* **Exercise brief**
Exactly reproduce the lines from the line bearing "앞서 전북교육청은 전주" through the end of the listing, inclusive of both; pictures are to be omitted.

* **Provided material**
• • • • • • •

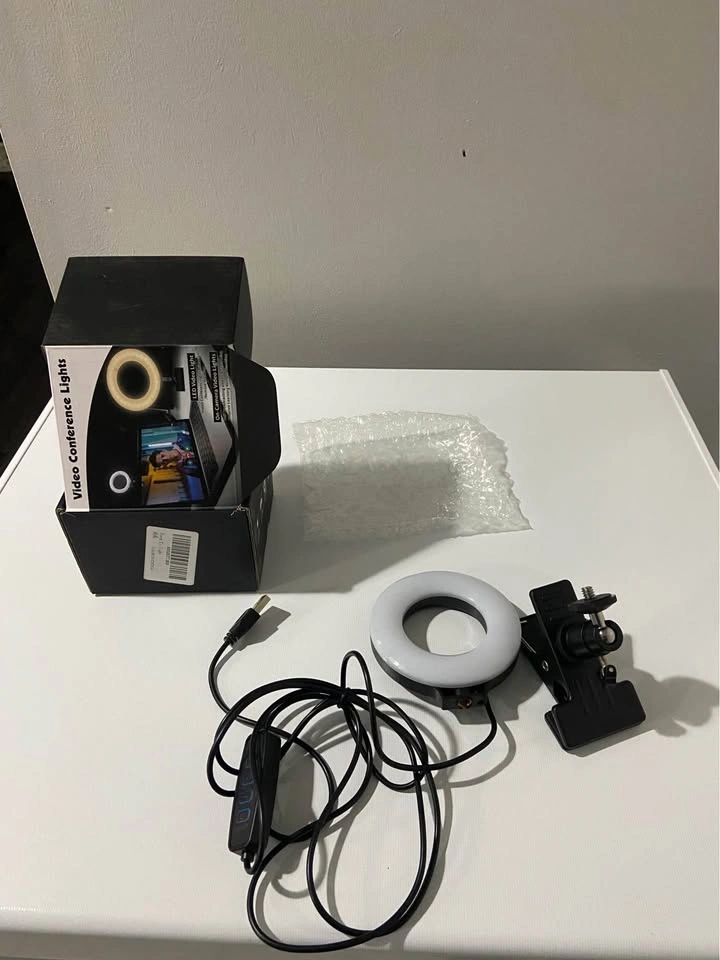 Handy LED ring light with clamp for easy attachment to your laptop or monitor. USB powered with in-line controls for brightness adjustment. Great for video calls, streaming, online classes, or remote work—helps improve lighting for a clear, professional look. Selling as is. Pickup: Ajax – Kingston Rd & Westney Rd, Scarborough – Ellesmere & Pharmacy.
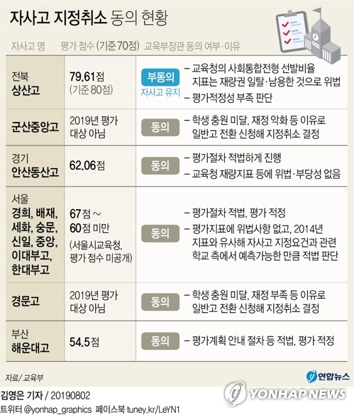 앞서 전북교육청은 전주 상산고에 대해서도 지정취소 결정을 내렸으나 교육부는 지난달 26일 지정취소 결정에 부동의했다.
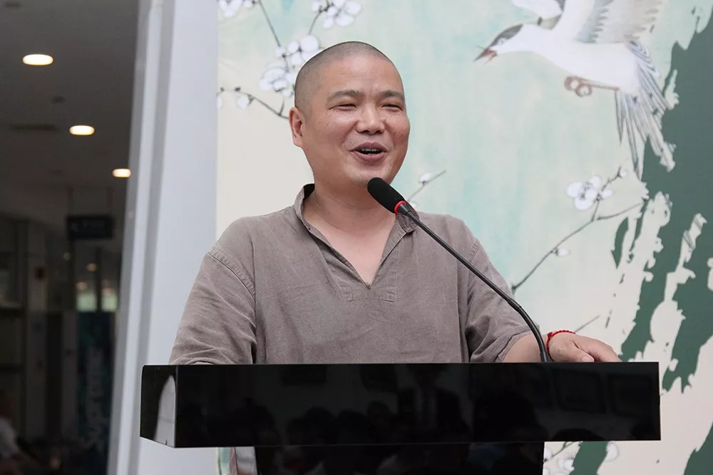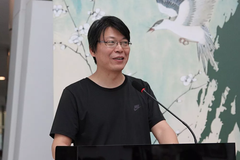 美術(shù)學博士、藝術(shù)學博士后、南京財經(jīng)大學藝術(shù)設(shè)計學院教授,南京市青年美術(shù)家協(xié)會副主席、江蘇省徐悲鴻研究會理事施建中先生作為嘉賓代表講話。
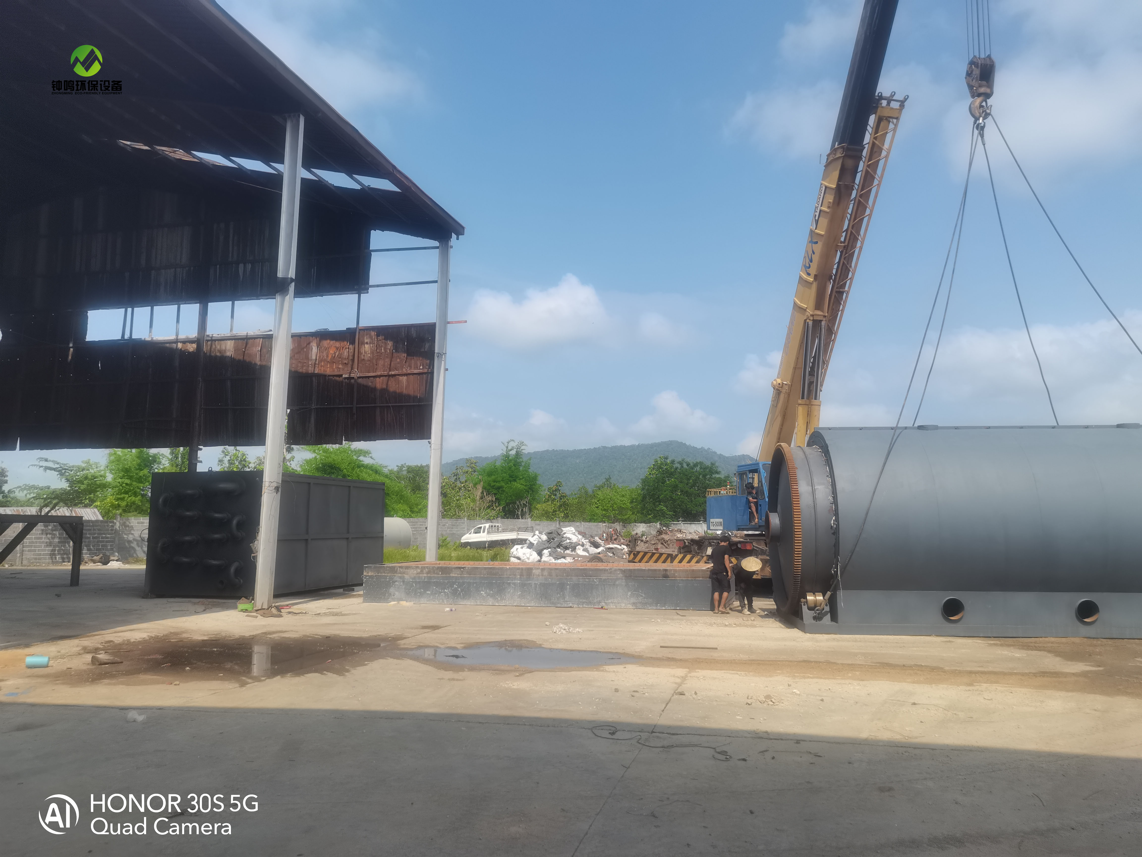 第 2 步: 加熱 ---- 可使用輪胎油、加熱燃料(如天然氣,煤炭,木頭)或不凝氣(其他幾臺(tái)設(shè)備裂解過(guò)程中產(chǎn)生的多余不凝氣)對(duì)裂解爐進(jìn)行均勻加熱,加熱約2小時(shí)左右,溫度逐步升至260度左右,裂解油氣通過(guò)裂解爐中心的出油氣口進(jìn)入冷卻系統(tǒng),液化成油進(jìn)入中間油罐。

• • • • • • •

* **Expected answer**
 앞서 전북교육청은 전주 상산고에 대해서도 지정취소 결정을 내렸으나 교육부는 지난달 26일 지정취소 결정에 부동의했다.
 美術(shù)學博士、藝術(shù)學博士后、南京財經(jīng)大學藝術(shù)設(shè)計學院教授,南京市青年美術(shù)家協(xié)會副主席、江蘇省徐悲鴻研究會理事施建中先生作為嘉賓代表講話。
 第 2 步: 加熱 ---- 可使用輪胎油、加熱燃料(如天然氣,煤炭,木頭)或不凝氣(其他幾臺(tái)設(shè)備裂解過(guò)程中產(chǎn)生的多余不凝氣)對(duì)裂解爐進(jìn)行均勻加熱,加熱約2小時(shí)左右,溫度逐步升至260度左右,裂解油氣通過(guò)裂解爐中心的出油氣口進(jìn)入冷卻系統(tǒng),液化成油進(jìn)入中間油罐。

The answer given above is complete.